Starting from the line in which "Men's winter Nordic" appears, set down each line exactly through the end of the listing, and nothing else. Leave out pictures.
══ DATASET SECTION ══
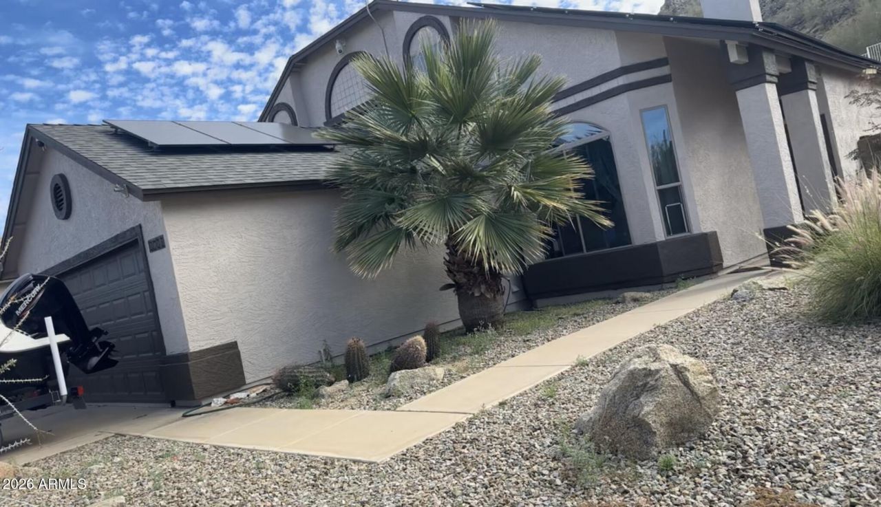 PLEASE READ ALL DETAILS! SOLD AS IS! NO SITE UNSEEN OFFERS!Welcome to a rare opportunity on one of the biggest lots in the area where vision meets value -- a spacious, character-filled retreat with RV gate access offering flexibility, function, and future potential all in one.From the moment you arrive, the curb appeal sets the tone. A striking façade, desert-inspired landscaping, and a mature palm create a warm yet elevated presence. Youll love the long-extended driveway as well as the gated RV parking to provide both convenience and versatility -- perfect for recreational vehicles, boats, trailers, or additional storage. Step inside to soaring vaulted ceilings and an expansive living room designed for entertaining. Natural light pours through all-new windows and sliding glass doors, enhancing the open, airy feel of the home. The layout flows seamlessly, offering three bedrooms and two baths, with an upstairs loft that can easily serve as a fourth bedroom, office, or flex space.This home is mid-transformation an incredible opportunity for a buyer who appreciates upgrades already completed while adding their own finishing touches. The property is being sold AS-IS, please note, the flooring throughout the home along with the stairs flooring was removed and ready for installation.The brand-new flooring was already purchased and included in the sale. Some interior walls are ready for fresh paint to complete your own vision. The kitchen showcases all-new stainless-steel appliances, with renovation work remaining at the main counter bar and sink area and wall-allowing the next owner to customize the final design.Upstairs, the primary bathroom renovation is ready for completion, it has been fully demoed, with brand-new vanity, mirror, sink, tub, and toilet already purchased and included, awaiting installation and flooring finish-out.Major Upgrades Completed Since Ownership:Outside of the home paintedLoft painted & popcorn ceiling removedAll-new windows & sliding glass doors throughoutAC compressor and handler replacedUV air purifier, thermostat & soft start installedAll-new electrical panelsPartial roof replaced prior to solar installationSolar panels installed (rented with lease)Hard water softener addedNew stainless steel kitchen appliancesWiFi-enabled garage door opener220 (60amp) & 120 (20amp) outlets added in garageNew outlets, switches & door handles throughoutUpdated fixtures, lighting & ceiling fans (interior & exterior)Wood posts installed for shade canopyThe backyard offers functional outdoor living space with a covered patio ideal for relaxing or entertaining. The 10x10 shed provides additional storage. If desired, the dog run can remain with the property.Please note: Duck and fishpond do not convey. Personal video cameras do not convey.This home is perfect for a buyer seeking equity potential many of the heavy-lift upgrades are already complete, leaving the finishing details to match your personal style.Opportunities like this with solar, gated RV parking, major system upgrades, bring your vision and make this exceptional property your masterpiece.
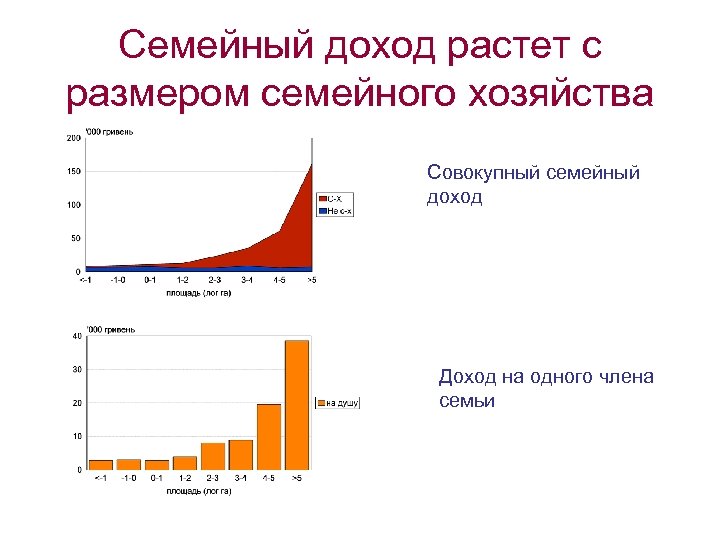 Семейный доход растет с размером семейного хозяйства Совокупный семейный доход Доход на одного члена семьи
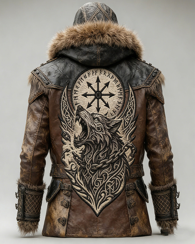 Men's winter Nordic Viking style tribal wolf totem 3D embroidery thickened warm coat 7644
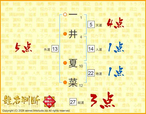 生活面を象徴する運勢です。外部から受ける影響力を表し、結婚運、家庭運や職場、環境への順応性を表します。総運から人運を引いた画数。姓や名が1文字の場合を除く。
═══
**EXPECTED OUTPUT**.
 Men's winter Nordic Viking style tribal wolf totem 3D embroidery thickened warm coat 7644
 生活面を象徴する運勢です。外部から受ける影響力を表し、結婚運、家庭運や職場、環境への順応性を表します。総運から人運を引いた画数。姓や名が1文字の場合を除く。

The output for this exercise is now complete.